Closed hmassalha closed 5 years ago
Hey,
For me it looks like things start to go wrong while STAR is loading the reference genome. Could you make sure that you are giving the correct path & have sufficient memory for loading available? The other error messages are just downstream problems of no useful mapped file being present.
Apart from that, I see that you are using a quite old version. I can recommend to update to our newest zUMIs release for many new features and even faster processing :)
Best, Christoph
Hi, Thanks for your reply. I did check the paths and the files that I am using for this analysis. They are OK. I looked into the log.out file and find the following: `EXITING because of fatal PARAMETERS error: present --sjdbOverhang=65 is not equal to the value at the genome generation step =100 SOLUTION:
Nov 25 06:47:21 ...... FATAL ERROR, exiting`
hope this note will give more hits to solve the problem. Thanks, HM
Hi, I managed to find the problem and solve it. Since I am using an old bash code that worked for me, the problem was from the cluster of the institute. Solved and everything working as expected. Again thanks for your help, and will update my zUMIs :)
Best, HM
Hey HM,
alright great! Was just about to answer here to check the STAR version but you managed to solve it already. Hope everything goes smooth for you now.
Best,
Christoph
Hi Christoph, I am facing the same problem (the same error) that I posted in my first comment, however, this time I am submitting the zUMIs jobs using a loop from the terminal, and I have dgecounts.rds files for part of my jobs. For the other files, I am getting only the annotationsSAF.rds files as an output. The bam files for those ones are empty. Do you have any suggestions where to start looking for what happened?
Thanks in advance, HM
Hey,
Since you do get output from some of the jobs, I would assume the problem lies with the files that break. Couple of suggestions:
Best, Christoph
Thanks for your fast reply, I appreciate your help and Merry Christmas.
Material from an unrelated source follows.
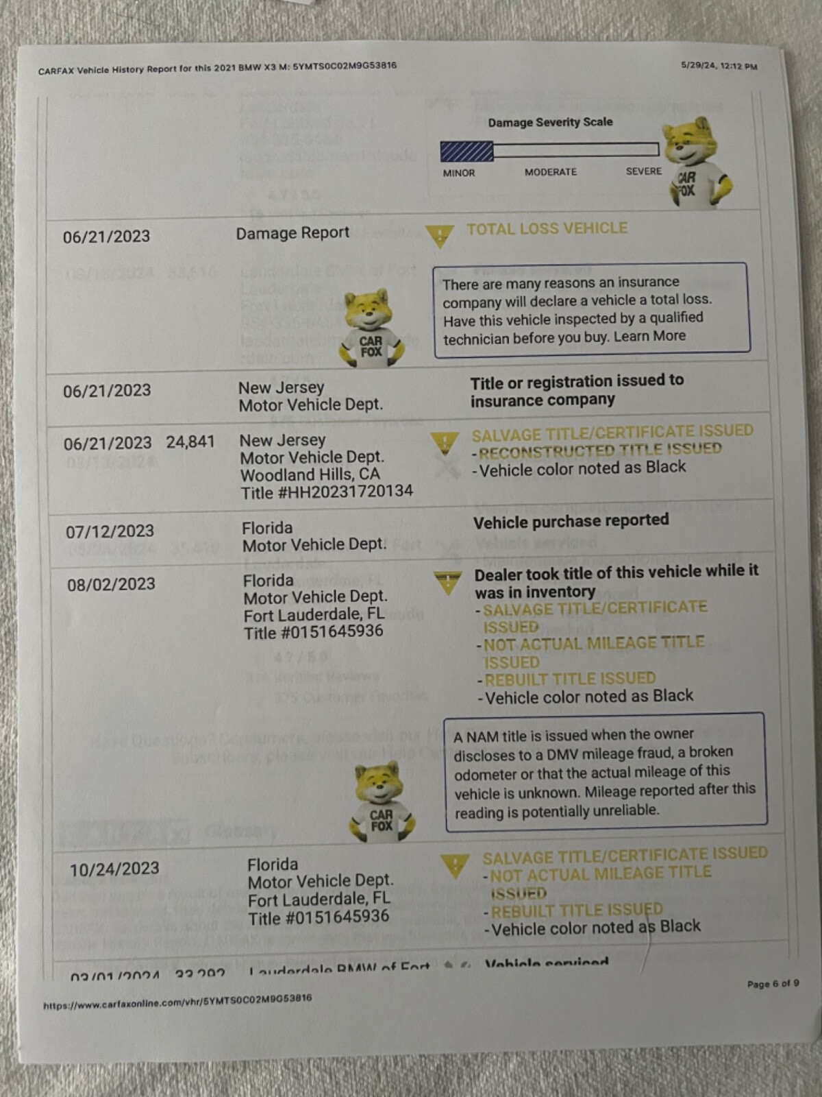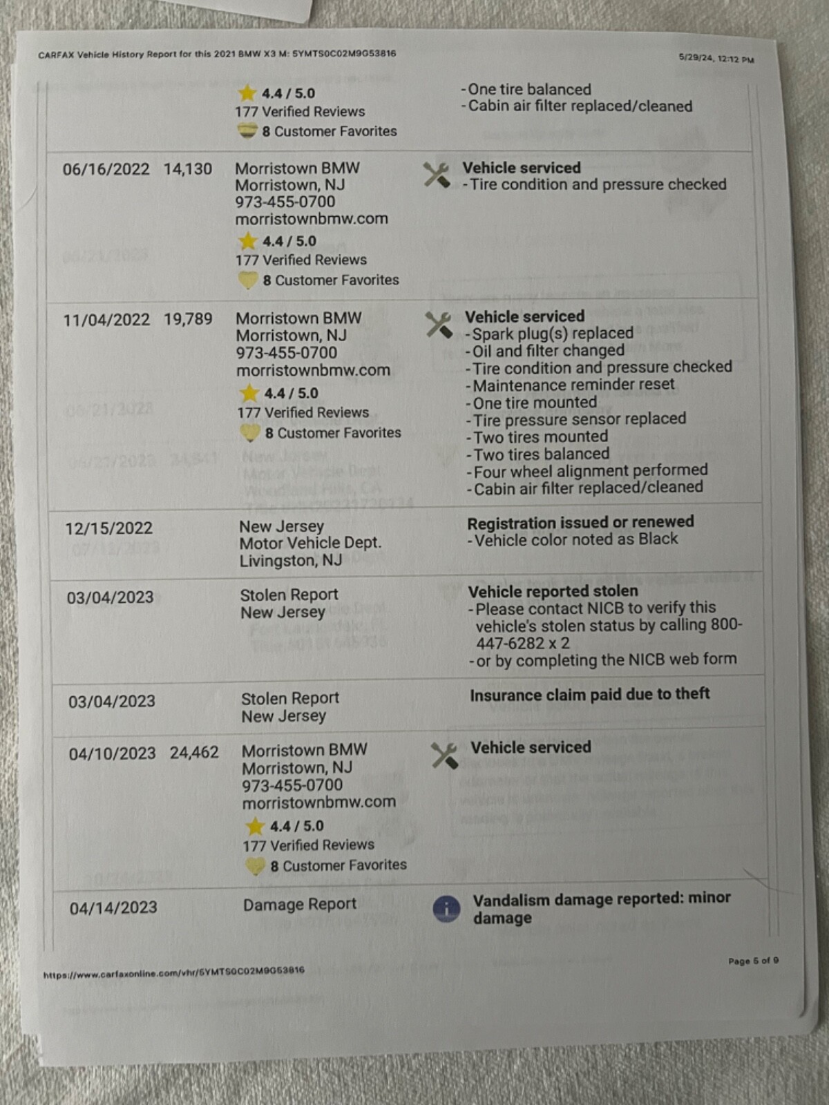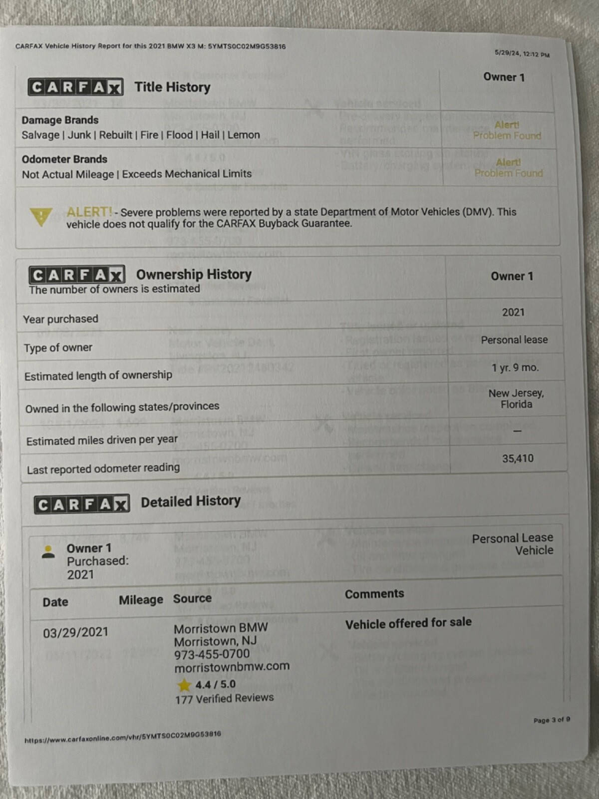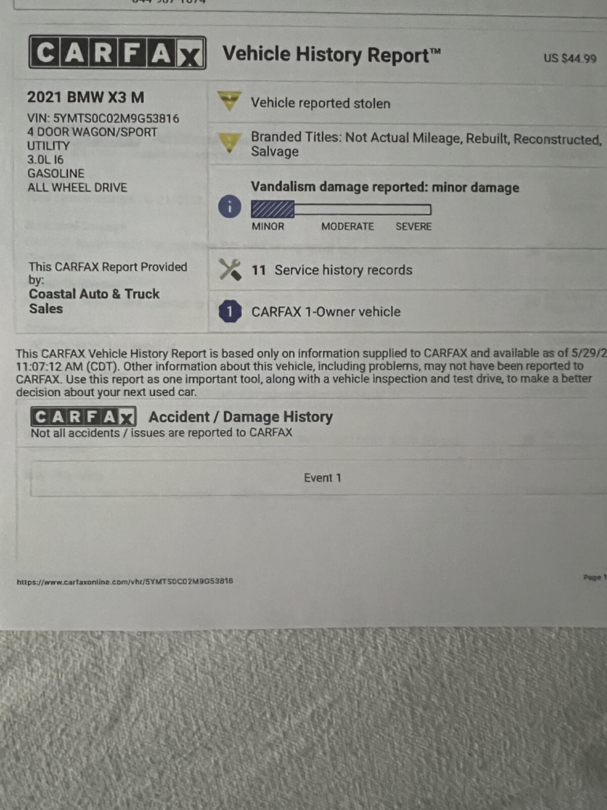 2021 BMW X3M REBUILT TITLE (theft recovery)- 473HP 3.0L I6 (S58)- Vin# 5YMTS0C02M9G53816- Factory Specs/Options:- Panorama glass roof- Heads up display- Harman/Kardon Surround sound- Connected package Professional- Apple car play- BMW Live operating area Professional- BMW Gesture Control- WLAN HotSpot- Adaptive Headlights- Driving Assistant-Parking Assistance system Plus- Steering wheel heater- Comfort AccessThis car was a theft recovery that State Farm paid out 65,000 to the owner and then car was recovered. When this happens they declare car a total loss! Hence a rebuilt title. Thieves removed the GPS navigation module and also the SOS telephone. I took the car to FT.Lauderdale BMW and had everything repaired/replaced. Invoices are attached. I also had the 36,000 mile service done on the car. This has been my daily driver for almost a year. Car needs nothing but a new owner! I HAVE ATTACHED AN UPDATED CARFAX THAT SHOWS THE SERVICE WORK AT BMW! THIS CAR HAD NO BODY DAMAGE! NO PAINTWORK. I HAVE ADDED PICTURES OF THE VEHICLE WHEN PURCHASED FROM THE AUCTION. THIS CAR IS 100%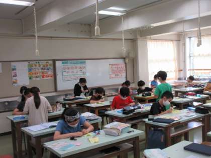 基本的な裁縫の実技学習。子どもたちは集中して、ていねいに作業をしていました。

The zUMIs paths are OK. I used the same code when I analyzed MARSseq data.
I am analyzing msSCRBseq reads using the following command for bcl2fastq
bsub -J $projName"bcl" -q new-short -R rusage[mem=8000] -n 16 bcl2fastq -R $inputPath$runName --output-dir $outputPath -p 16 --no-lane-splitting --mask-short-adapter-reads 5 --barcode-mismatches 1 --minimum-trimmed-read-length 14 --sample-sheet ${metaDataPath}"samplesheet_"${projName}".csv"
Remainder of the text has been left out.